The BBC has dropped a bombshell story in partnership with the Center for Climate Reporting (CCR), claiming that the UAE presidency of the UN’s COP28 climate summit in Dubai secretly used COP negotiations to strike new oil and gas deals that would increase global fossil fuel production.
This story suffers from serious flaws and omissions, and as a result, is misleading. Yet it’s been seized on by my fellow environmental campaigners to suggest that the COP28 negotiations are nothing more than a ploy to expand global fossil fuel production.
I write this story from the COP28 summit, where I’m here working to support a number of developing countries, and where I was fortunate to be able to deliver a keynote presentation on the inevitable, rapid economic obsolescence of fossil fuels to a UN audience of government leaders – an issue I write about at length.
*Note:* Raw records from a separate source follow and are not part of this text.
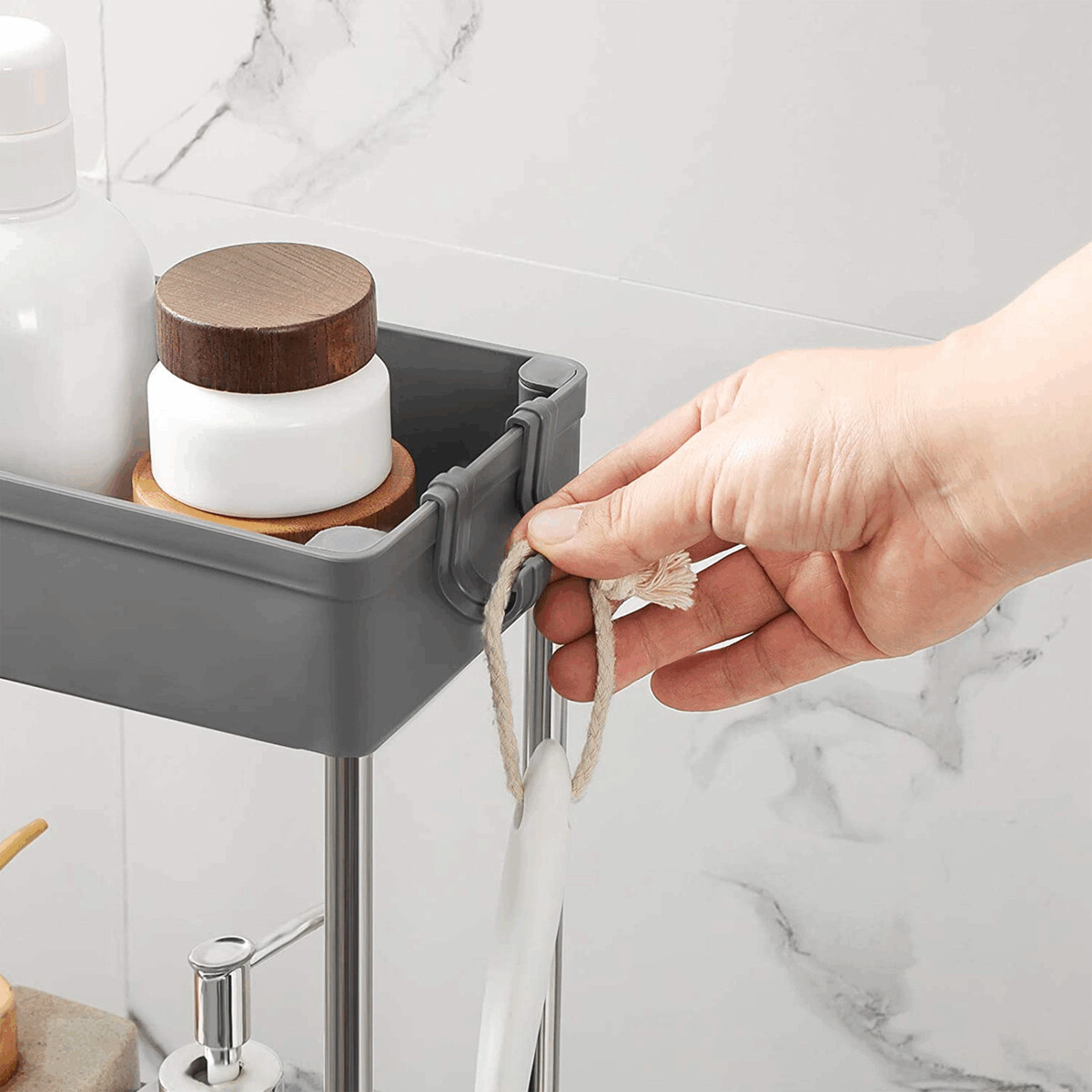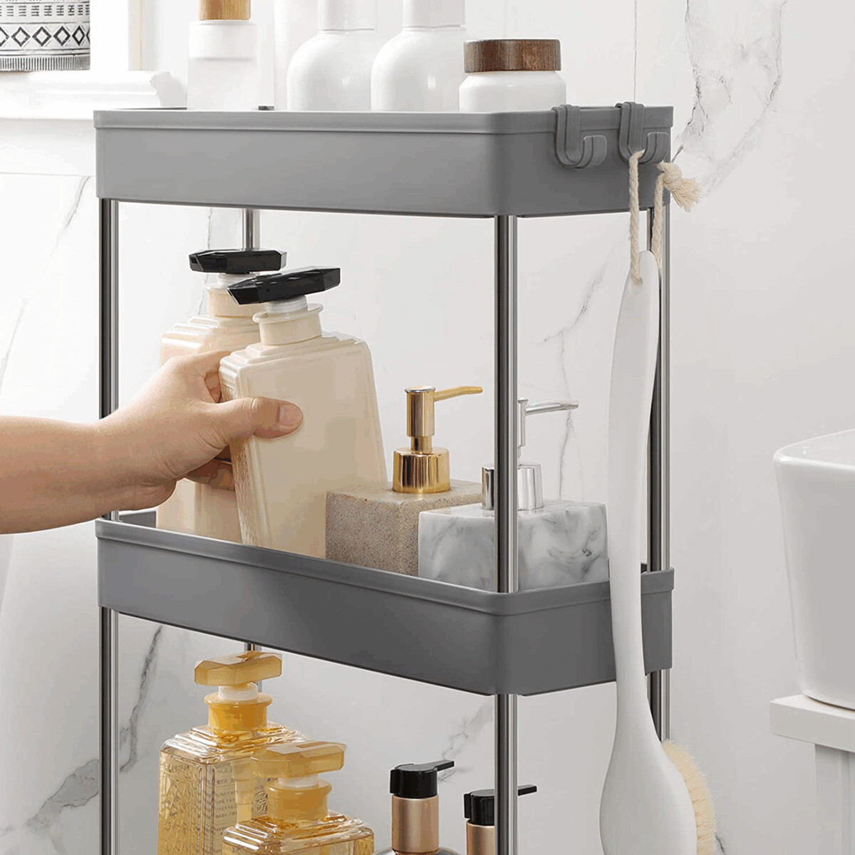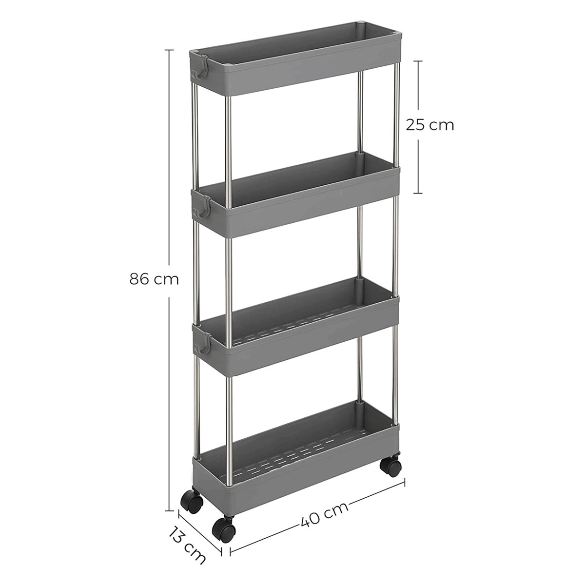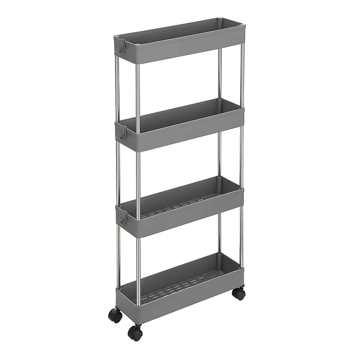 Úložný vozík so štyrmi policami kombinuje pevnú kovovú konštrukciu s odolnými sivými plastovými policami, ktoré poskytujú dostatok priestoru na organizáciu rôznych predmetov. Vozík je vybavený plastovými kolieskami, ktoré zabezpečujú ľahkú mobilitu a umožňujú pohodlné presunutie aj v obmedzených priestoroch. Vďaka kompaktným rozmerom a praktickému usporiadaniu políc je vhodný do kancelárií, dielní aj domácností. Kovové stĺpiky dodávajú stabilitu a zaručujú dlhú životnosť produktu. Celková konštrukcia je navrhnutá tak, aby uľahčila prístup k uloženým veciam a zároveň šetrila miesto.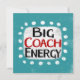 "Big Coach Energy" is a cute text design in blue with black and red text, along with a white accent shape and white textured whimsical dots surrounding it.
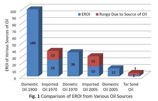 Today most of our gasoline comes from these very dirty, energy demanding sources. Unlike the 100x energy ROI of the long gone "easy" oil, for today's oil, for every unit of energy in, only 2 to 3 units of fuel energy are returned.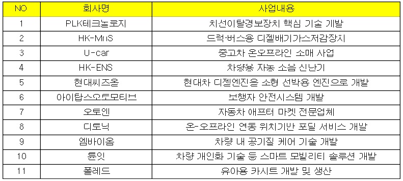 지금까지 'PLK 테크놀로지'와 '현대씨즈올' 등이 분사했으며, 이번 3개 기업을 포함하면 현대ᆞ기아차가 육성해 독립시킨 사내스타트업은 총 11개사로 늘어났다.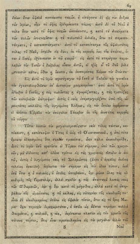 Χρύσανθος ἐκ Προύσης. Προσκυνητάριον τῆς ἁγίας πόλεως Ἱερουσαλὴμ καὶ πάσης Παλαιστίνης συντεθὲν μὲν παρὰ τοῦ Πανοσιωλογιωτάτου Ἁγίου Καμαράση..., Βιέννη, Ἰωάννα Σχραίμβλ, 1807.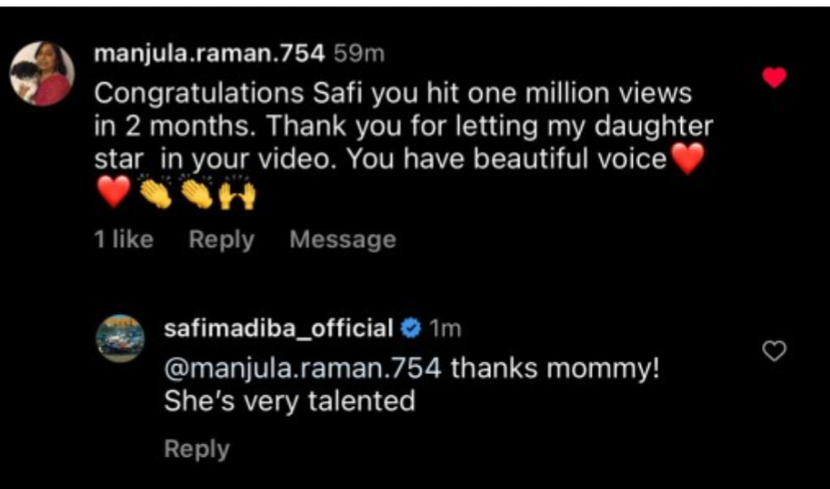 Manjula Rama umubyeyi wa Danica Safi Madiba yifashishije mu mashusho y’indirimbo Fame, yashimiye byimazeyo uyu muhanzi ku bw’uko iyi ndirimbo yujuje miliyoni

What I’m seeing here is that this recent reporting has dented confidence on the ground at the COP summit, to the point that it could derail the prospects of reaching a global climate agreement - which I believe could result in a major breakthrough in the battle to phase out fossil fuels and address climate change.
I’m concerned that critical gaps in this current reporting trend, rather than helping the cause of fighting climate change, could therefore damage that cause.
The original BBC/CCR exclusive has been followed by a string of further stories that essentially double-down on things that have been repeatedly reported for months – that the UAE is investing in increasing fossil fuel production, and that the COP28 president, Dr Sultan Al Jaber, believes that science doesn’t support a phase out of fossil fuels.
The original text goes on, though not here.